EXERCISE >> What is needed is a verbatim copy of every record below, with the pictures left out.

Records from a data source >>
• • • •
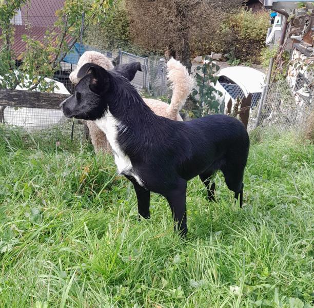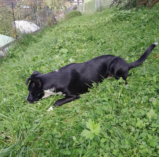 Josie durfte ende September auf ihre Pflegestelle in Ebnat-Kappel reisen, wo sie, nach Absprache, gerne besucht werden darf. Sie ist eine überaus freundliche kleine Hündin, die noch sehr verspielt und welpenhaft in ihrem Verhalten ist. Sie kommt mit allen Hunden im Rudel gut zurecht und holt sich gerne Streicheleinheiten bei ihren Bezugspersonen ab, kann da auch mal etwas fordernd sein, akzeptiert Grenzen jedoch gut. Josie geht offen aber vorsichtig an Neues heran und lernt schnell dazu. Sie kommt bereits gut zur Ruhe und kann sich auch selbstständig beschäftigen, nicht nur zur Freude der Pflegemama (Schuhe umgestalten, Löcher buddeln im Garten, usw.). Draussen läuft Josie schon ganz ordentlich an der etwas längeren Leine. Aussenreize sind ihr zwar noch etwas suspekt, sie orientiert sich jedoch gut am Rudel und an ihrer Bezugsperson. Die kleine Maus ist bereits stubenrein, fährt gerne Auto und kann schon etwas alleine sein gemeinsam mit dem Rudel. Katzen und Kleintiere lernt Josie gerade kennen. Die findet sie noch sehr interessant, lässt sich aber problemlos auslenken.
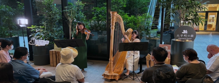 ハープとヴァイオリンが奏でる優しい音色に包まれながら、緑あふれる「大手町の森」でのひとときを楽しむ特別なひとときとなりました。
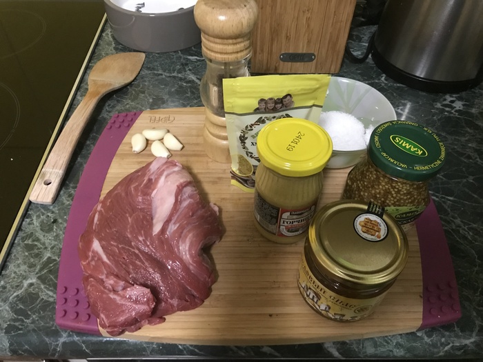 Выглядит конечно страшненько, дальше еще страшней будет. Духовка разогрелась и тут у нас хитрый квест, фигачим туда мясо на 1 час 30 минут, но! через 15 минут от начала запекания снижаем температуру до 200, еще через 30 минут до 160.
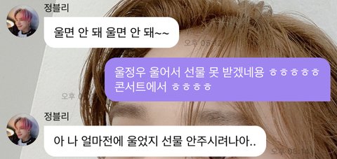 콘서트에서 울어서 안 된다고 다들 보냈구낭
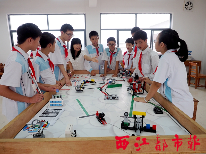 ????每天下午第八節課,在梧州市第十四中學的科技活動室里,十幾名中學生正在組裝、操控機器人,機器人靈活地前后左右移動……
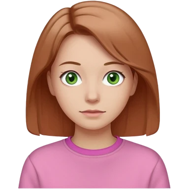 Una donna con una felpa semplice rosa,i capelli sono lunghi fino alle spalle marroni chiaro,gli occhi sono verdi emoji
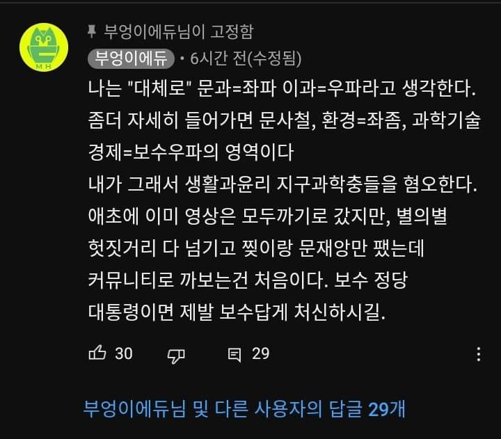 "문과는 좌빨, 이과는 엑윽보수" 존슨 4 2023.06.20 12:27 그럼 고졸, 예체능은 어느 쪽이냐? 정작 문과영역인 경제는 은근슬쩍 우파쪽에 넣네같은 이과계열인 지구과학은 왜 좌빨임 ㅋㅋ
• • • •
ANSWER TO THIS PROBLEM >>
 Josie durfte ende September auf ihre Pflegestelle in Ebnat-Kappel reisen, wo sie, nach Absprache, gerne besucht werden darf. Sie ist eine überaus freundliche kleine Hündin, die noch sehr verspielt und welpenhaft in ihrem Verhalten ist. Sie kommt mit allen Hunden im Rudel gut zurecht und holt sich gerne Streicheleinheiten bei ihren Bezugspersonen ab, kann da auch mal etwas fordernd sein, akzeptiert Grenzen jedoch gut. Josie geht offen aber vorsichtig an Neues heran und lernt schnell dazu. Sie kommt bereits gut zur Ruhe und kann sich auch selbstständig beschäftigen, nicht nur zur Freude der Pflegemama (Schuhe umgestalten, Löcher buddeln im Garten, usw.). Draussen läuft Josie schon ganz ordentlich an der etwas längeren Leine. Aussenreize sind ihr zwar noch etwas suspekt, sie orientiert sich jedoch gut am Rudel und an ihrer Bezugsperson. Die kleine Maus ist bereits stubenrein, fährt gerne Auto und kann schon etwas alleine sein gemeinsam mit dem Rudel. Katzen und Kleintiere lernt Josie gerade kennen. Die findet sie noch sehr interessant, lässt sich aber problemlos auslenken.
 ハープとヴァイオリンが奏でる優しい音色に包まれながら、緑あふれる「大手町の森」でのひとときを楽しむ特別なひとときとなりました。
 Выглядит конечно страшненько, дальше еще страшней будет. Духовка разогрелась и тут у нас хитрый квест, фигачим туда мясо на 1 час 30 минут, но! через 15 минут от начала запекания снижаем температуру до 200, еще через 30 минут до 160.
 콘서트에서 울어서 안 된다고 다들 보냈구낭
 ????每天下午第八節課,在梧州市第十四中學的科技活動室里,十幾名中學生正在組裝、操控機器人,機器人靈活地前后左右移動……
 Una donna con una felpa semplice rosa,i capelli sono lunghi fino alle spalle marroni chiaro,gli occhi sono verdi emoji
 "문과는 좌빨, 이과는 엑윽보수" 존슨 4 2023.06.20 12:27 그럼 고졸, 예체능은 어느 쪽이냐? 정작 문과영역인 경제는 은근슬쩍 우파쪽에 넣네같은 이과계열인 지구과학은 왜 좌빨임 ㅋㅋ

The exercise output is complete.